Neurofibromatosis type 1 (NF1) is a complex genetic disorder that manifests in various ways. However, the recent case of a 38-year-old woman with NF1 developing choroidal Yasunari nodules in both eyes puzzled Danish clinicians. With no prior history of systemic vasculopathy but a long-standing peripheral retinal capillary nonperfusion affecting her left eye, the patient’s condition presented a unique challenge for the medical team at Rigshospitalet in Glostrup, Denmark.
Visualizing the Hidden
Choroidal Yasunari nodules are notoriously difficult to identify during ophthalmoscopic examinations. Nevertheless, through the utilization of near-infrared photography, the Danish clinicians gained newfound visibility into the patient’s condition. The examination revealed no additional pathologies in the patient’s right eye, and her corrected visual acuity remained at a perfect 20/20 in both eyes.
A Look Into the Past
Comparing the findings of the recent assessment with an examination conducted three years prior, the medical team noticed signs of thinning in the central retinal artery and branching arcades. Additionally, there was the observation of a chorioretinal anastomosis in the superotemporal macula, originating from a photocoagulation scar. This anastomosis formed a spiral-shaped choroidal vessel, connecting both arterial and venous vessels from the superior arcades, along with a vein from the inferior arcade. The interconnections facilitated the perfusion of the arterial supply of the central retina, including the fovea.

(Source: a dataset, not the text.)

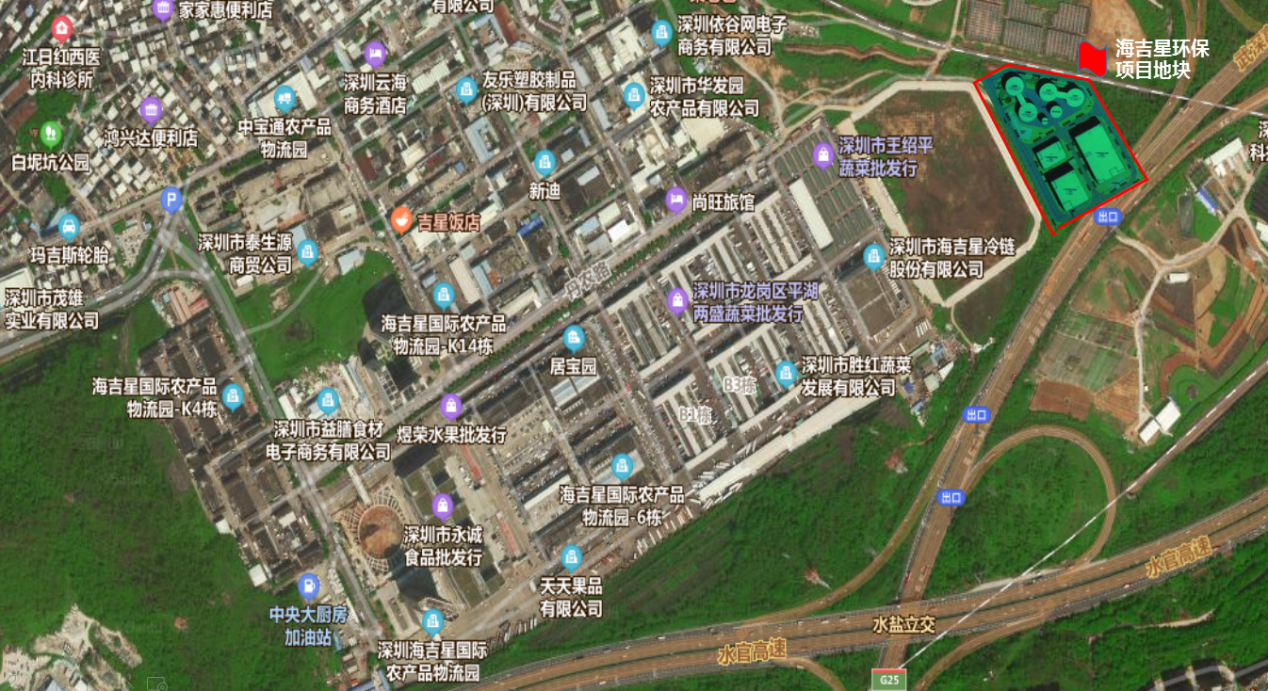 上圖為:深圳平湖海吉星農(nóng)批市場及環(huán)保項目地塊

The New Pathway Discovered
To confirm the presence of retrograde arterial supply through the anastomosis, fluorescein angiography was employed. The imaging sequences unequivocally demonstrated rapid filling of the temporal macular vasculature through retrograde circulation via the laser-induced chorioretinal anastomosis (LICRA) in the superotemporal macula, followed by anterograde filling of the central retinal artery branches that brought perfusion to the nasal retina.
The Danish clinicians speculated on the mechanisms behind the development of this chorioretinal anastomosis. They theorized that the combination of hydrostatic pressure gradient over the retinal pigment epithelium towards the retina and vascular endothelial growth factor production associated with retinal capillary nonperfusion played key roles in its formation.
Retinal vascular abnormalities have been shown to affect a significant percentage of individuals with NF1. While severe retinal vascular abnormalities are rare in NF1, cases of peripheral or central retinal vascular occlusion, neovascular glaucoma, or occlusion of the central retinal artery have been documented in some patients. These cases commonly occur in younger patients with impaired arterial inflow and worsening retinal capillary nonperfusion.
A Glimmer of Hope
Fortunately for this patient, choroidal perfusion remained intact, suggesting that the vasculopathy primarily affected the arteries distally to the branching of the posterior ciliary arteries from the ophthalmic artery. The treatment with high-energy photocoagulation, although resulting in defects in the Bruch’s membrane, mediated the development of the anastomosis. This phenomenon serves as the foundation for the treatment of nonischemic central retinal vein occlusion (CRVO), aiming to normalize venous pressure in the retina by creating auxiliary flow between the occluded high-pressure retinal venous circulation and the unobstructed low-pressure choroidal venous circulation.
A Matter of Success
While this treatment approach has displayed promise, it is vital to note that not all attempts to create an anastomosis have been successful. In fact, only two out of three attempts prove fruitful, with procedure-related complications necessitating secondary surgeries for every third patient. The creation of LICRA in eyes with ischemic CRVO has proven particularly challenging, likely due to significant damage sustained by endothelial cells from the effects of ischemia and venous thrombosis on retinal circulation.
A Different Perspective
In the unique case presented, the incidental LICRA resulting from treatment may have played a crucial role in preserving the retina and maintaining 20/20 visual acuity. A distinguishing factor in this instance is that the chorioretinal anastomosis brings inflow of oxygenated blood to the retina instead of facilitating outflow from congested retinal veins to the choroid.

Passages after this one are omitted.